Building an AI-powered robotic arm assistant using D435

June 12, 2024

The Tabletop HandyBot is an AI-powered robotic arm assistant that carries out voice commands to bridge the digital and physical worlds.

Chatbots powered by modern large language models (LLMs) have opened many people’s eyes to the possibility of machines handling life’s mundane tasks for us. With their advanced capabilities, these chatbots can automate a wide range of tasks, from scheduling appointments and answering frequently asked questions to providing customer support and generating text summaries. This has not only freed up human time and resources but also enabled businesses to operate more efficiently and effectively.

But one thing that all of these tasks have in common is that they are entirely virtual. Sure, a chatbot can give you instructions on how to make dinner, but it cannot go any further. Engineer and roboticist Yifei Cheng has recently built a robot that can help to bridge the gap between the digital and physical worlds. Called the Tabletop HandyBot, Cheng’s robot arm leverages AI, such as LLMs, to interpret a user’s voice commands and devise a set of steps to carry them out in the real world. It is billed as a low-cost AI-powered robotic arm assistant — but before you get too excited, keep in mind that robotics can be a very expensive pastime. In this case, low-cost means about $2,300 in parts.

The system architecture (credits: Yifei Cheng)

At present, the Tabletop HandyBot is capable of listening for commands, then picking up a nearby object and moving it to another location, as directed. This is a very generic capability that could be used in a number of applications, so it is a nice starting point. Given the tech stack, this robot could be taught to do far more in the future, however.

On the hardware side, Tabletop HandyBot consists of an off-the-shelf Annin Robotics AR4 6-DOF desktop size industrial robot arm. This is paired with an Intel Realsense D435 depth camera to capture data about the robot’s environment.
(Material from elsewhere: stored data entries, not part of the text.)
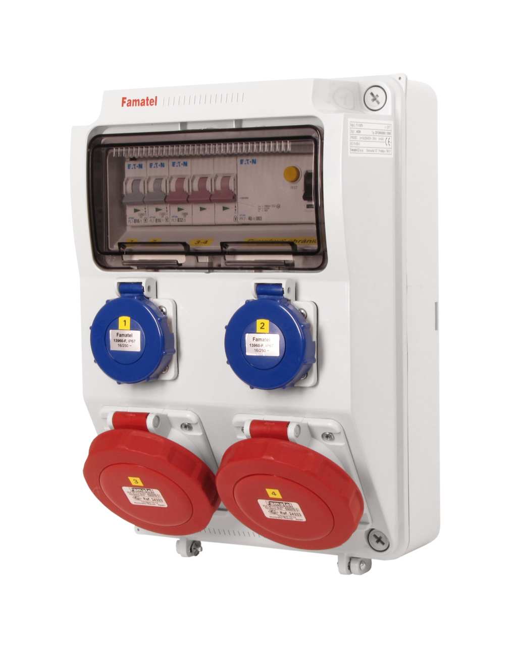 Zásuvková skříň FAMATEL v4256 - ZSF20002000.1 /3958 IP65 jištěná s chráničem 40/4/003, zásuvky 2x230V, 2x32/5, přístroje EATON 10kA: 2xPL7-B16/1, 1xPL7-B32/3, PF7- 40/4/003 na vstupu, použité pouzdro: 3958 - 330x215x155mm, barva: světle šedá.
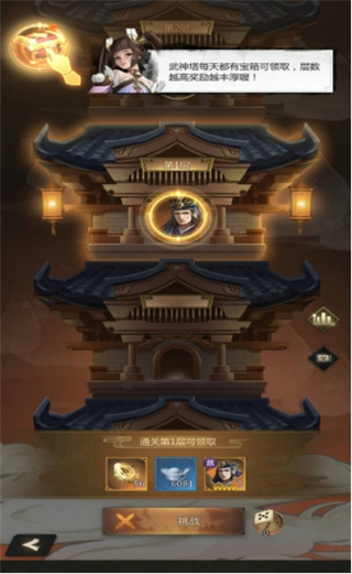 在游戏里,玩家挑战武神塔不受次数限制,只要挑战成功就能获取奖励。而且,玩家每天还能拿到武神塔宝箱奖励,随着攀登武神塔层数的不断提升,所获奖励也愈发丰厚。
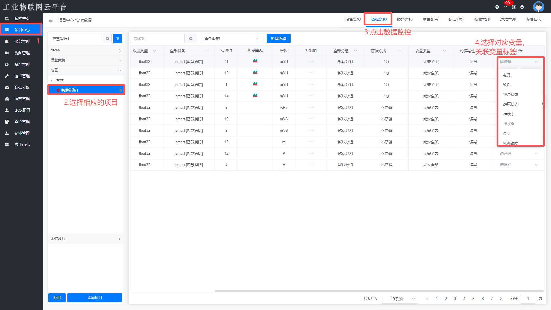 项目中心—>选择项目—>数据监控—>实时数据,关联对应的变量标签
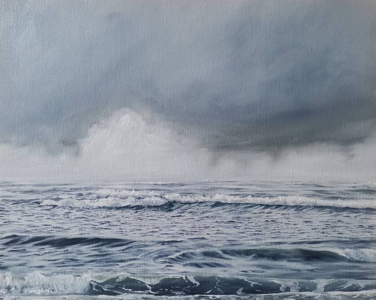 My work focuses on storms and the light we find within them. I paint intimate and real scenes that invite the viewer to look closer and embrace the darkness. The darkness is something that most shy away from but for me there is nothing more comforting than a storm creating chaos- after all there can be no darkness without light. My work has evolved from painting the sea as a subject to painting it as a person; historically boats were named after women and it felt fitting for me to adopt the same practice. Each painting is personified and named after women, whether they’re a historical figure or simply a strong woman who altered my life in some way. My paintings include stormy skies and rocky shore lines. I leave the edges unfinished in order to create the illusion of hazy memories. Within each I try to portray the subtle lighting, tones and mood of each seascape creating powerful emotions for the viewer.
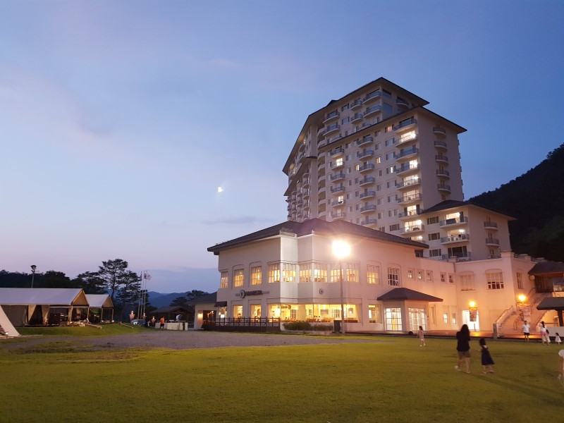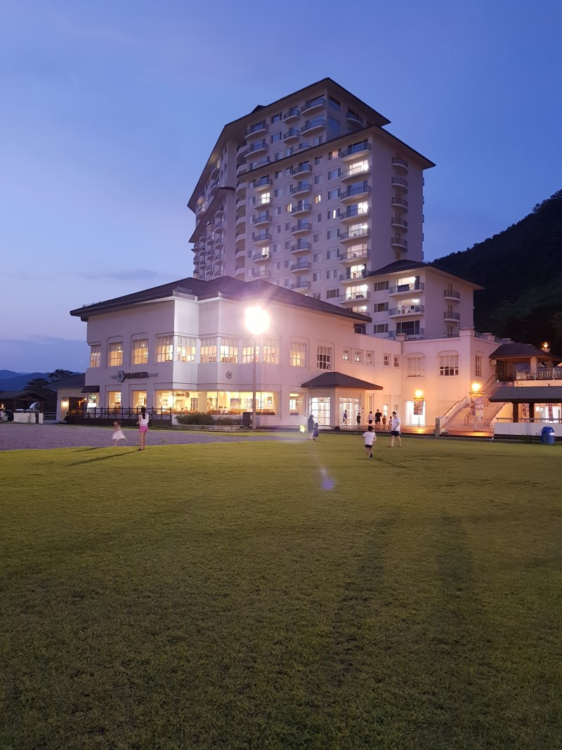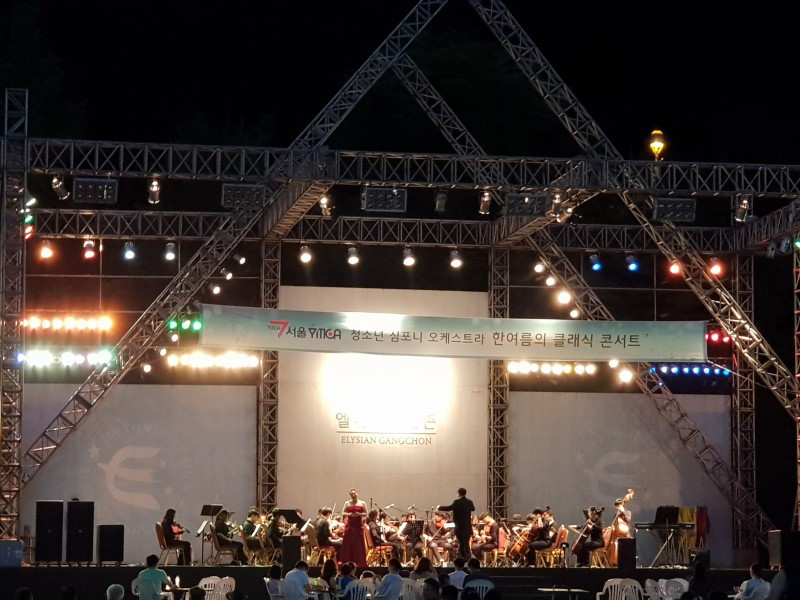 그때 잔디밭 한쪽에 설치된 야외 공연 무대로 청소년 오케스트라 단이 올라왔습니다. 한여름밤의 클래식 콘서트가 펼쳐지는 사이 투숙객들은 시원한 맥주를 마시며 감상을 할 수 있었어요. 초등학생과 중, 고등학생이 섞여 있는 듯한 오케스트라단이었어요. 모두가 검정 옷을 입고 악기를 연주하더군요.

Finally, a microphone is utilized to capture the audio of voice commands.

Voice commands are processed by OpenAI’s Whisper algorithm to convert them to text, before they are forwarded into ChatGPT as a prompt. Depth images are processed by the Grounding DINO object detection algorithm, and that information is also fed into ChatGPT. The detected objects are further processed by Segment Anything and Open3D before being passed into a grasping algorithm. The output from ChatGPT is also fed into that grasping algorithm, which works with the AR4 ROS driver to control the robot and carry out the user’s request.

In the project’s GitHub repository, Cheng goes into detail about the exact hardware and software that was used, and also gives step-by-step instructions to get a Tabletop HandyBot up and running. If you happen to be one of the few people that already has this hardware on hand, you should be able to get a working system up and running quickly. Or, if you have some other robotic arm at your disposal, even a much less capable one, you could take a look at the processing workflow and come up with a similar system of your own.

In any case, the demo video is well worth a watch. What would you do if you had a Tabletop HandyBot on your desk?

The Intel RealSense D435 Depth Camera plays a crucial role in the Tabletop HandyBot project, providing essential 3D perception capabilities. The camera delivers bright and clear RGB images, enabling effective detection and segmentation of objects on the tabletop. The provided calibration parameters help to compensate for any camera skew, thereby enhancing perception accuracy. The depth map generated by the camera is used to construct point clouds of objects within the scene, allowing for precise calculation of grasp points. The quality of the point clouds produced by the camera has been great. Additionally, the project seamlessly integrates with this camera through the ROS wrapper realsense-ros, which is very easy to install, works great out-of-the-box, and makes it easy to customize all kinds of configurations.